PC lost trust relationship with domain controller
Our network uses PCs with windows XP, our servers run with Server 2003 and our domain controller uses Active Directory 5.2.3790.1830.
Periodically I encounter PC's that will not allow users to login to our network.
I encounter an error stating that 'Trust relationship has been lost with domain controller'.
Could someone explain what this trust relationship is and if possible give reasons for why a PC may lose this with the domain controller.
Many Thanks
Largewood
All Replies
When a PC boots up, it will attempt to log into the domain that it is a member of. The account is pretty much just like a user's account, only there are a number of automated things that happen -- users type in credentials, machines store them locally and present them to the domain.

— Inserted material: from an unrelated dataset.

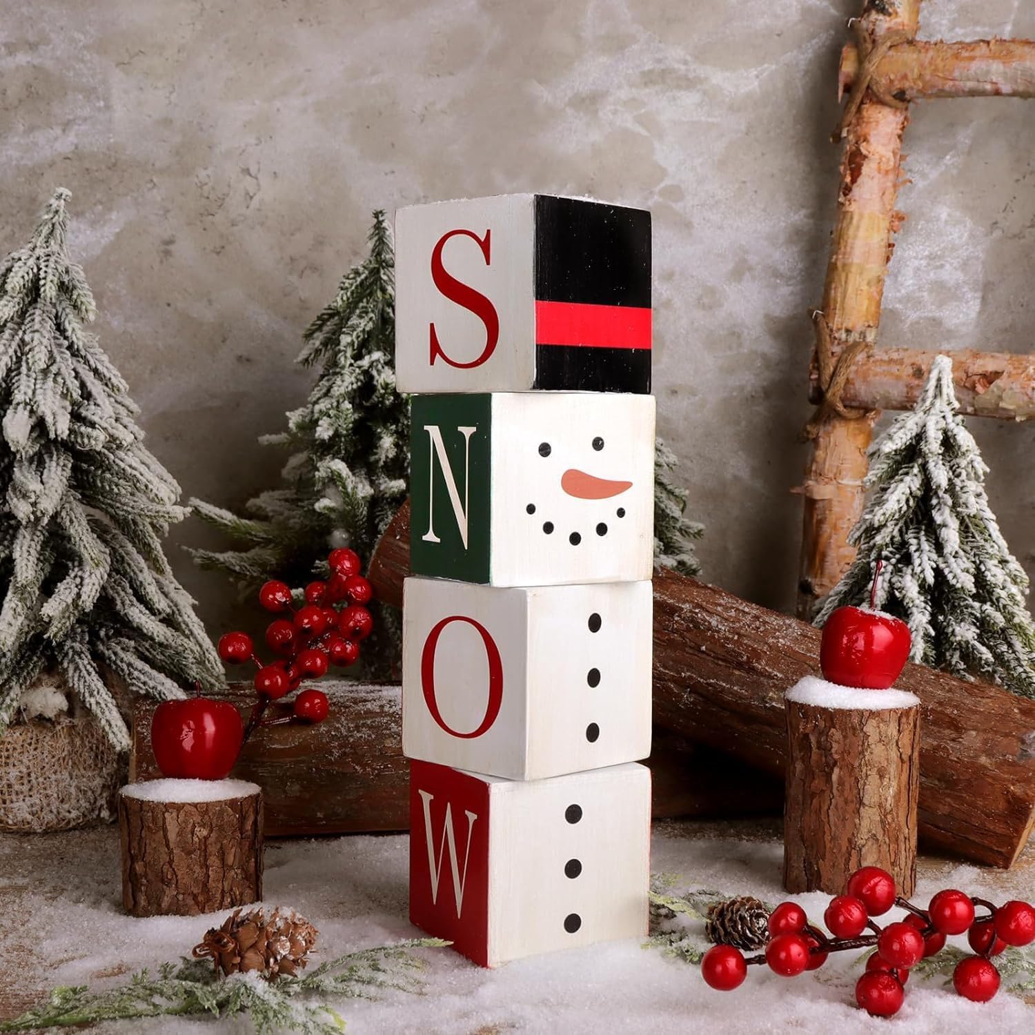 Molteplici possibilità di posizionamento: questi blocchi di stazioni natalizie offrono numerose possibilità di posizionamento e sono ideali come decorazioni festive per il caminetto, l'ingresso, la scrivania o il soggiorno. Aumentano l'atmosfera natalizia e si adattano armoniosamente a diversi stili di interni grazie al loro design flessibile. Con il loro design adattabile, completano qualsiasi ambiente abitativo e diffondono l'allegria natalizia in ogni stanza della tua casa per opzioni di esposizione versatili: il cubo di Natale è dotato di incisione fronte-retro e di una funzione di rotazione a 360 gradi, che consente di presentare in modo ottimale i motivi festivi da più angolazioni. Questa caratteristica consente un posizionamento flessibile su tavoli, scaffali o panche da caminetto durante le vacanze di Natale, permettendone l'utilizzo in luoghi diversi e migliorando l'atmosfera festosa. Incantevole regalo per le vacanze: i blocchi di legno di Natale offrono un'ottima opzione regalo per i propri cari in occasione di eventi speciali come compleanni e festività. Promuovono le connessioni e diffondono la felicità con la loro estetica adorabile e duratura. Questo è un regalo affascinante per le occasioni festive e crea un'atmosfera allegra in ogni casa. È ideale come regalo di Natale o per altre celebrazioni e crea una vivace aura vacanziera: la decorazione natalizia a blocchi con stile ispirato al Natale arricchisce le stanze con una vivace aura festosa, esalta lo spirito natalizio e si adatta perfettamente alle feste di Natale, alla casa o alle occasioni speciali stagionali. Questa festa crea un ambiente caldo e gioioso ideale per gli interni, esaltando l'allegria natalizia in qualsiasi casa o ufficio per supportare momenti indimenticabili. Realizzato a mano con materiale naturale: questo blocco di legno natalizio è realizzato a mano con materiali naturali ed emana un'atmosfera rustica e festosa che preserva le delicate trame calde. Arricchisce la tua atmosfera natalizia e dona un tocco autentico sia ai soggiorni che alle accoglienti riunioni di famiglia durante il periodo festivo. L'aspetto naturale e la lavorazione artigianale sottolineano l'eleganza rurale e creano un ambiente invitante per l'incontro

The secure link between the PC and the Directory can become broken for a large number of reasons, but the big ones all stem from a disruption in the presentation of credentials. If the PC presents the wrong password, the authentication can be denied. Unfortunately, there really isn't a warning screen that parallels what a user sees... The computer keeps booting, and then you will recieve one of a collection of errors if a user tries to log into the domain with that computer. The solution for that problem (and some of the description of the problem) is located at this KB article:
http://support.microsoft.com/kb/260575
Another problem that can happen is that the machine can present the right password, but the wrong machine account. If the images that are being used are cloned without properly being SysPrepped, the scenario arises where two machines are presenting the same SIDs, while the passwords are out of synch... You can imagine that shenanigans immediately ensues. There is also a scenario where the install of an OS becomes damaged and data gets corrupted. THese kinds of issues are a lot harder to troubleshoot.
Something you could try to diagnose this is to turn on some more auditing. Start looking for logon failures associated with these machine account issues. They may contain a lot more information on what and why things are happening.
Let me know what you find, and I hope this helps!
Luck,
removing and readding the client to domain will resolve the issue on client.
cause could be - client machine account in the domain is incorrect or computer account password is mismatching in the domain
Thanks for this, very helpful.
I wonder if you know the answer to a couple points related to this.
Where is the password held on the client machine, is it in the registry?
Also does the password change periodically or once the client is added to the domain is it set permanently?
Do all the PCs on the domain use the same password, or is it individual to the machine?
Unfortunately, I don't know where the password is. I can tell you that it is not in the registry and in the instance that is on the machine, it is in a hash.
The password does change - I believe 30 days is the default - and it is not correlated with any of the other machine passwords in the domain.